======== Available data ========
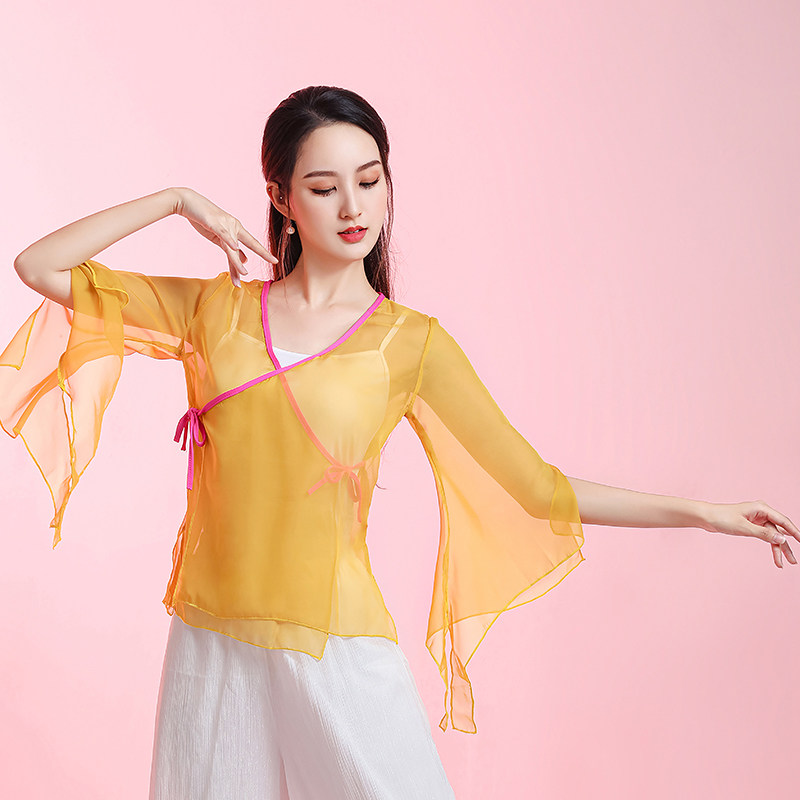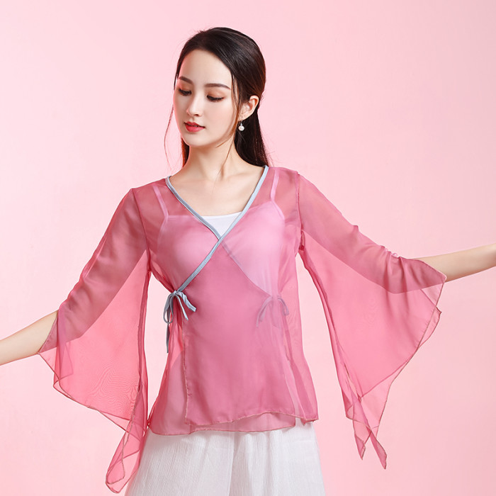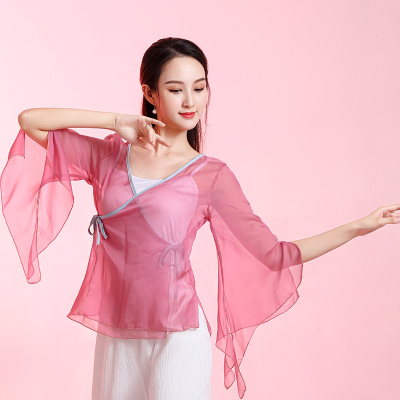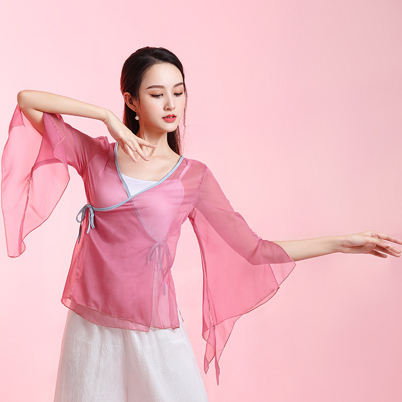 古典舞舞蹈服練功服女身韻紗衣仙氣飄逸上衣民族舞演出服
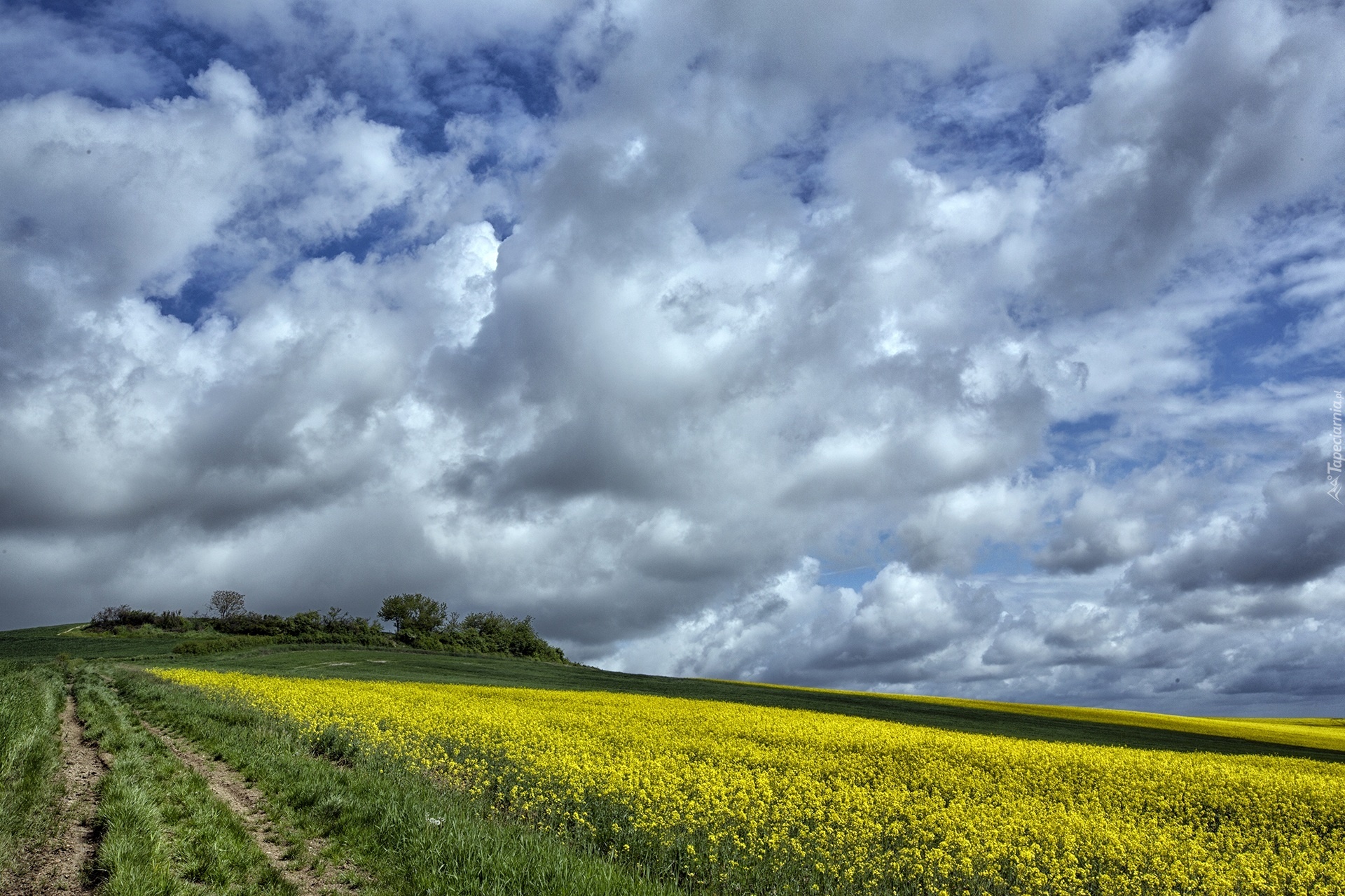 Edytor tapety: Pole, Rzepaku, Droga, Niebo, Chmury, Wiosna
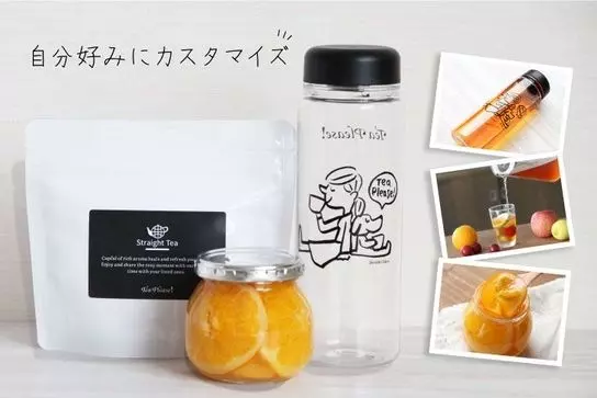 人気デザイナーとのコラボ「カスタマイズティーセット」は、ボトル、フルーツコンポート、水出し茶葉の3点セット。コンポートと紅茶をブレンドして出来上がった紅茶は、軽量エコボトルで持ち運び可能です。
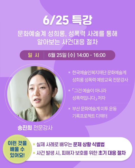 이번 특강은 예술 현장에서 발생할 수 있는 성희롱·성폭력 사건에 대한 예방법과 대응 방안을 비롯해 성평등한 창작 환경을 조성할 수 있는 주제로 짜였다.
========
**Task goal:**
Repeat, exactly and only, the lines from the one containing "人気デザイナーとのコラボ「カ" through the final line of the data, both ends included, leaving out any picture.

**Exercise result:**
 人気デザイナーとのコラボ「カスタマイズティーセット」は、ボトル、フルーツコンポート、水出し茶葉の3点セット。コンポートと紅茶をブレンドして出来上がった紅茶は、軽量エコボトルで持ち運び可能です。
 이번 특강은 예술 현장에서 발생할 수 있는 성희롱·성폭력 사건에 대한 예방법과 대응 방안을 비롯해 성평등한 창작 환경을 조성할 수 있는 주제로 짜였다.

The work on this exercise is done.